SMS 708. Sobre isso de que só falar, faz estremecer

Destruição em Vila do Bispo em 1969
23 março 2017

Sismos, exatamente. Jornais e televisões falam disso, por exemplo, quando não têm notícias disponíveis de emoção forte. E, de vez em quando, por aí se fazem uns “exercícios” envolvendo escolas ou cidadãos voluntários, quando ocorre a efeméride de uma catástrofe, como foi a do ano de 1755. E também se legisla e se regulamenta, é verdade. O Estado português tem sido sensível a este tema, muito embora prestando mais atenção a medidas reactivas e não tanto a medidas preventivas, como seria desejável.

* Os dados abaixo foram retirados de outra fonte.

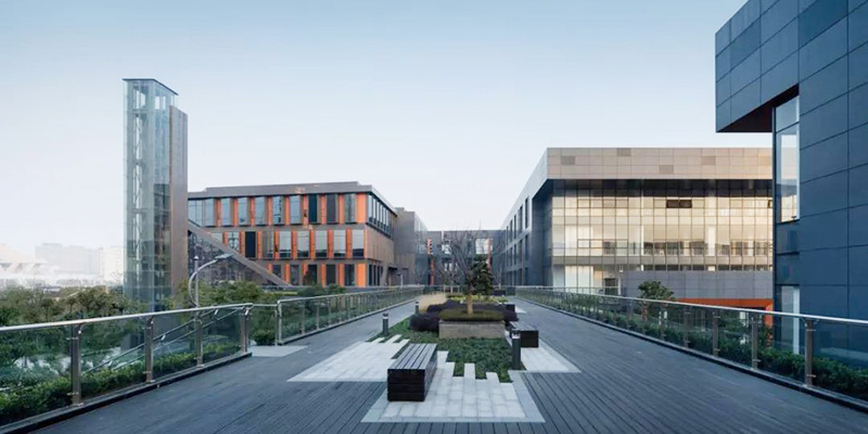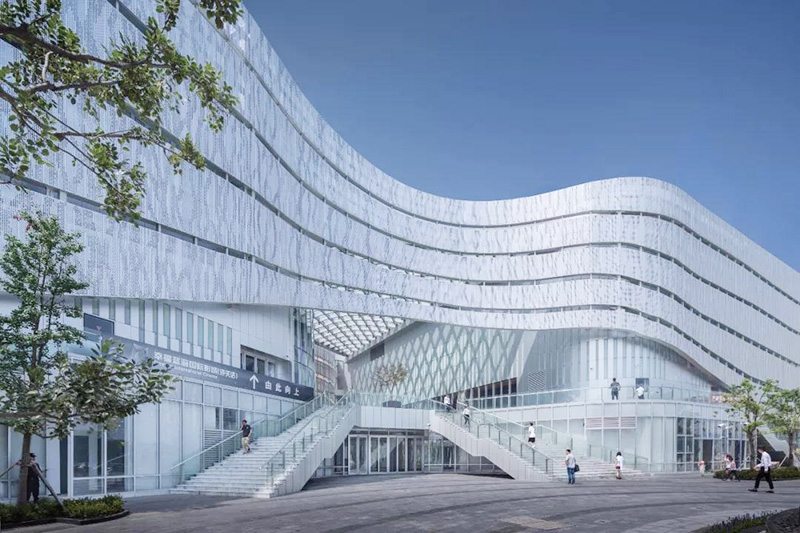 該項(xiàng)目從城市需求出發(fā),立足于創(chuàng)造面向市民的公共型建筑。在高密度、高活性的周邊環(huán)境中打造出城市的綠色呼吸空間,賦予該項(xiàng)目開放而多樣的場(chǎng)所感,將休閑型、消費(fèi)型、運(yùn)動(dòng)型場(chǎng)所空間融為一體。圍繞陽(yáng)光、綠色的主題,盡可能將最原生態(tài)的自然元素引入室內(nèi)外的景觀配置設(shè)計(jì)中,通過(guò)兩個(gè)體塊中間的景觀平臺(tái),讓場(chǎng)地周圍的景觀融入到建筑中。整個(gè)地塊通過(guò)縱向景觀軸線將場(chǎng)地南北兩側(cè)的生態(tài)景觀區(qū)形成了系統(tǒng)性的景觀底圖。
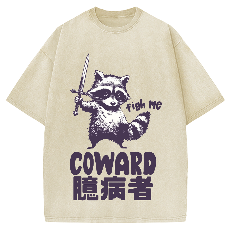 Figh me Coward Raccoon Vintage Washed T-shirt
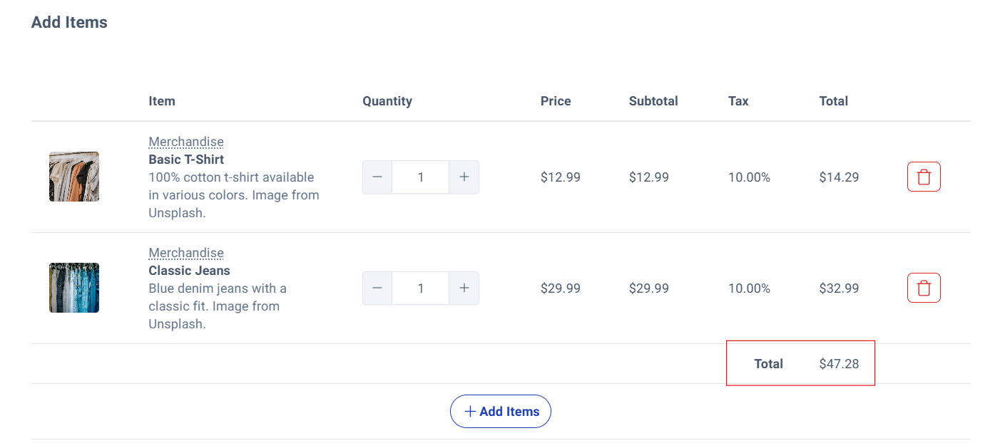 Browse the catalog and click on items to add them to your invoice. Use the search function at the top of the catalog to quickly locate specific items by keyword.
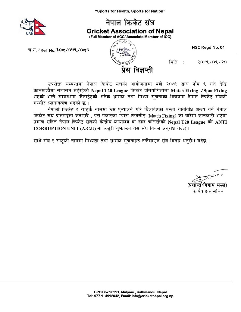 ‘नेपाल क्रिकेट संघको आयोजनामा यही २०७९ साल पौष ९ गतेदेखि काठमाडौंमा सञ्चालन भइरहेको नेपाल टी–२० लिग क्रिकेट प्रतियोगितामा म्याच फिक्सिङ तथा स्पोर्ट फिक्सिङ भएको भन्ने सम्बन्धमा फैलाइएको अनेक भ्रम तथा मिथ्या सूचनाका विषयमा नेपाल क्रिकेट संघको ध्यानाकर्षण भएको छ ।’ जारी विज्ञप्तिमा भनिएको छ ।
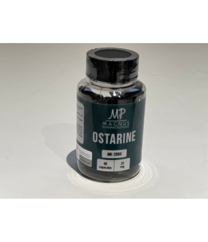 Описание Ostarine (MK-2866) 60 caps (25 mg) MagnusOstarine (Ostarol, MK-2866) – селективный модулятор андрогенных рецепторов. Препарат разработали специально для борьбы со следующими заболеваниями: остеопороз, дистрофия мышц. В Америке средства SARMs пользуются повышенным спросом, большинство спортсменов в ходе тренировок перед соревнованиями добавляют к своему питанию Остарин.Какой результат дает употребление ОстаринОт МК-2866 не надо ждать, что мышечная масса и силовые показатели вырастут так же, как от анаболических стероидов. Но важно учитывать следующее:В Украине запрещается использовать и распространять анаболические стероиды. Те стероиды, которые удается как-то приобрести – это нелегальный товар непонятного качества. Существует очень большая вероятность купить подделку, напрасно потратив не только деньги, но также время, силы и, возможно, здоровье.Ostarol не относится к запрещенным препаратам, поэтому можно не сомневаться в его подлинности.При помощи МК-2866 не получится нарастить мышечную массу так быстро, как с помощью оригинальных стероидов. Но за 2-3 курса возможно существенно повысить объем сухой мышечной массы. Соблюдая график занятий и питания, в ходе одного курса можно нарастить мышцы на 3-5 кг.Довольно часто Ostarine используют как своеобразный «переход» между курсами, чтобы сохранить нарощенную мышцы, или же для ПКТ после приема стероидов.При совместном применении с иными SARM или с пептидами, гормонами роста, Остарол оказывает синергетическое воздействие. Следовательно, конечный эффект получится более мощным.МК-2866 эффективен как для мужчин, так и для женщин. Тем более, что он не вызывает виризации.При правильном приеме Ostarine дает такие эффекты:за курс мышцы увеличиваются на 2-4 кг;сила возрастает на 10%, повышаются показатели физической выносливости;жировая прослойка уменьшается;нормализуется сон и улучшается самочувствие;немного повышается аппетит.Этот препарат не создает негативного влияния на печень и не сказывается на артериальном давлении, не приводит к появлению прыщей и высыпаний на коже.Правила использованияДля наращивания мышц МК-2866 надо принимать на протяжении 2-х месяцев:людям с массой тела до 80 кг достаточно 25 мг в сутки;людям с массой тела свыше 80 кг понадобится 50 мг в сутки.Всю дозу препарата необходимо принимать за 1 раз с утра, после еды.Чтобы получить более мощный результат, надо повысить суточное употребление белков (не менее 3 г на 1 кг массы тела) и интенсивно тренироваться. Проверено, что если придерживаться всех рекомендаций, то за 2 месяца можно набрать 8 кг веса, причем 6 кг из них будет приходиться на мышечную массу.При умеренных дозах Остарин не дает побочных результатов. Но при высоких дозах и длительном сроке применения может наблюдаться понижение ФСГ и свободного тестостерона. Чтобы быстро восстановить уровень тестостерона, и чтобы поддержать набранный мышечный объем, рекомендована ПКТ.
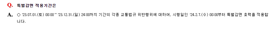 ⇨ ’23.07.01.(토) 00:00~’ 23.12.31.(일) 24:00까지 기간의 각종 교통법규 위반행위에 대하여, 시행일인 ’ 24.2.7.(수) 00:00부터 특별감면 효력을 적용합니다.
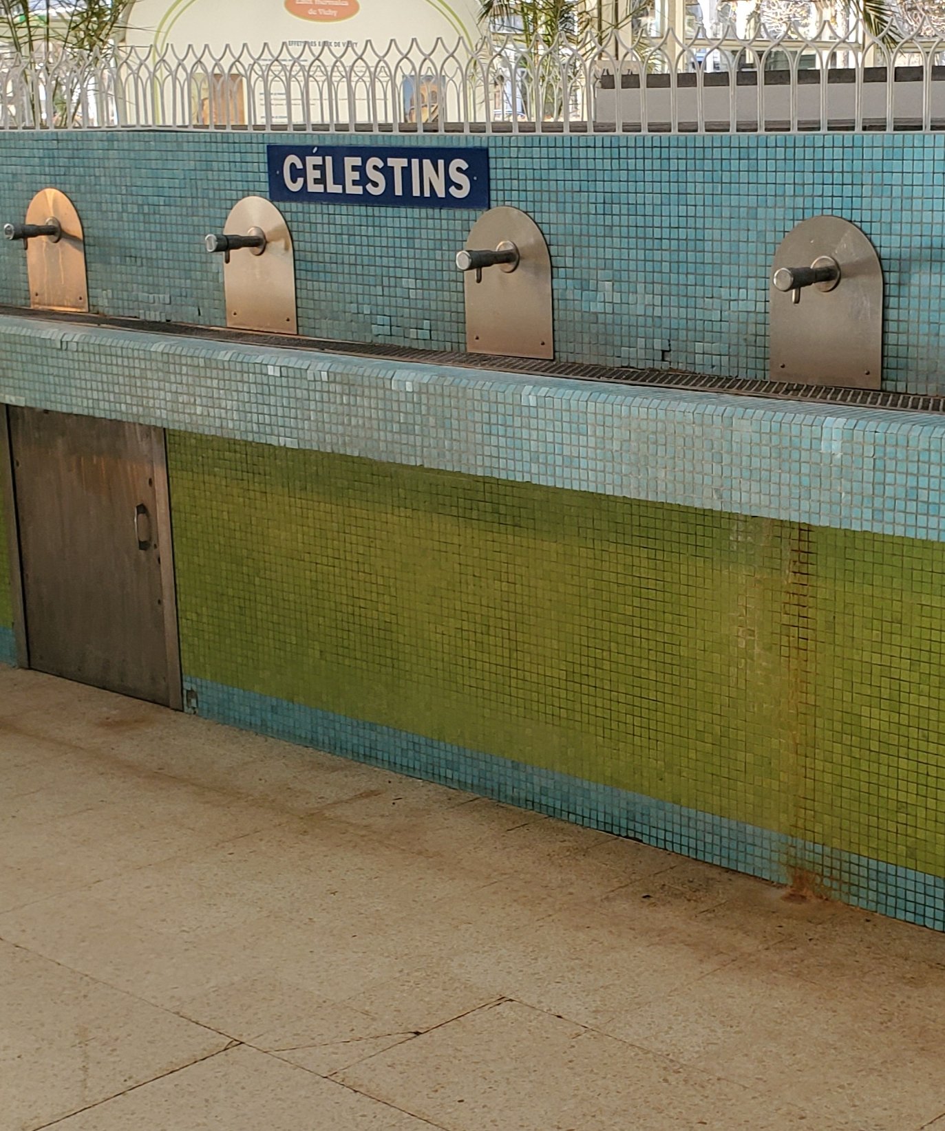 We had a relaxing Tuesday in Vichy. After a couple of raisin pastries and coffee at a patisserie in the city, we were off to the Hall des Sources. This 1903 building is where the medicinal Vichy water is sourced. The water is said to cure all kinds of ailments and to be good for overall health. There are a few different thermal springs in the city and sourced in the building, but only one of them is accessible to the public. The others are only available with a doctor’s note.
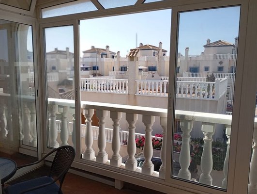 Diese überdurchschnittlich große Eckwohnung im ersten Stock befindet sich in einzigartiger Lage neben dem Gemeinschaftspool. Die Immobilie umfasst 2 Doppelzimmer, einen sehr großen Wohn-/Essbereich, eine offene Küche und ein komplettes Badezimmer. Terrassentüren führen auf die großzügige Terrasse, von der aus eine Außentreppe zum riesigen Solarium hinaufführt, wo Sie den ganzen Tag die Sonne genießen können, mit eingebautem Grill und herrlichem Blick auf die Umgebung.
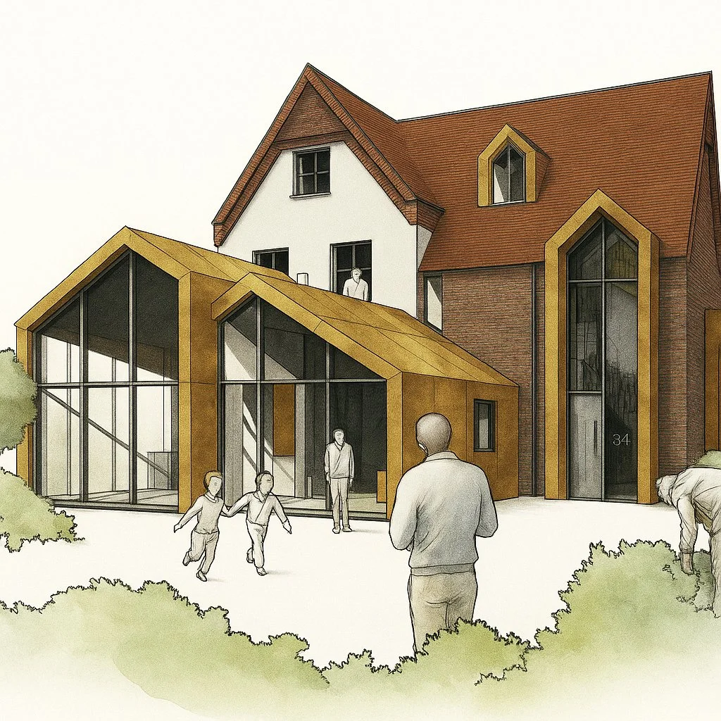 Soon to start on site and located within the Wimbledon North Conservation Area, this project is a comprehensive renovation and extension of a family home influenced by the Arts and Crafts movement. The proposal replaces a 1948 half-storey side addition with a new three-storey volume that closely follows the original massing and geometry, finished in red brick to complement the historic detailing. Corbelling, dentil courses, and gable-end brickwork are preserved and extended as a respectful continuation of the original architectural language.

Olhando para as construções implantadas nas últimas décadas, sobretudo no litoral algarvio e muito em particular nas áreas de falhas sísmicas, ou onde a sismicidade histórica se tem manifestado de forma violenta ao longo dos séculos, fica-se sem saber se a única solução é a de que “Deus nos ajude”. Fica-se sem saber se as decisões políticas no que toca a gestão e ordenamento do território e as regras de reabilitação do que se encontra edificado, continuam a ignorar ou a desvalorizar a probabilidade de ocorrência de um sismo, ou de um tsunami. Fica-se mesmo a desconfiar que continuamos a assistir à construção de edifícios, equipamentos e infra-estruturas em zonas de elevado e comprovado risco sísmico sem as adequadas técnicas construtivas para a redução dos riscos. Os dias passam, as coisas acontecem quando estamos distraídos, e o que de pior pode acontecer, não escolhe linhas limítrofes de concelhos – toca a todos.

Além de um quadro legislativo e regulamentar que, levado à letra e com responsabilidade, já teria provocado muito derrube e uma enormíssima correção, há também um número apreciável de avisos e advertências feitas com rigor, provenientes de universidades e de departamentos responsáveis, que tornam imperioso muito mais do que ensinar a crianças e a seniores medidas de autoprotecção sobre como agir antes, durante e depois do Deus nos ajude. Pode custar dizer as palavras mas são as únicas que se adequam ao caso – avaliação e fiscalização.

E qual 1755! Quem não sabe, entre tantos outros sismos conhecidos desde os anos 33 e 80 antes de Cristo, que o violento sismo de 1 de janeiro do ano 309 gerou um maremoto, provocando o desaparecimento de ilhas próximas do Cabo de S. Vicente, imagine-se o resto? Quem pode desconhecer o sismo de novembro de 1587 ocorrido na falha de Loulé, causando muitas mortes e elevados danos materiais, mais que em 1755 aí? E o sismo de 27 de dezembro de 1722, com epicentro também em Loulé, terra que então ficou quase totalmente destruída? E, mais proximamente, o que ocorreu em 12 de janeiro de 1856, igualmente com origem provável na falha de Loulé? O de 28 de fevereiro de 1969, já assim coisa ligeira face aos que aconteceram em 1587 e em 1722, está na memória de muitos que ainda podem contar.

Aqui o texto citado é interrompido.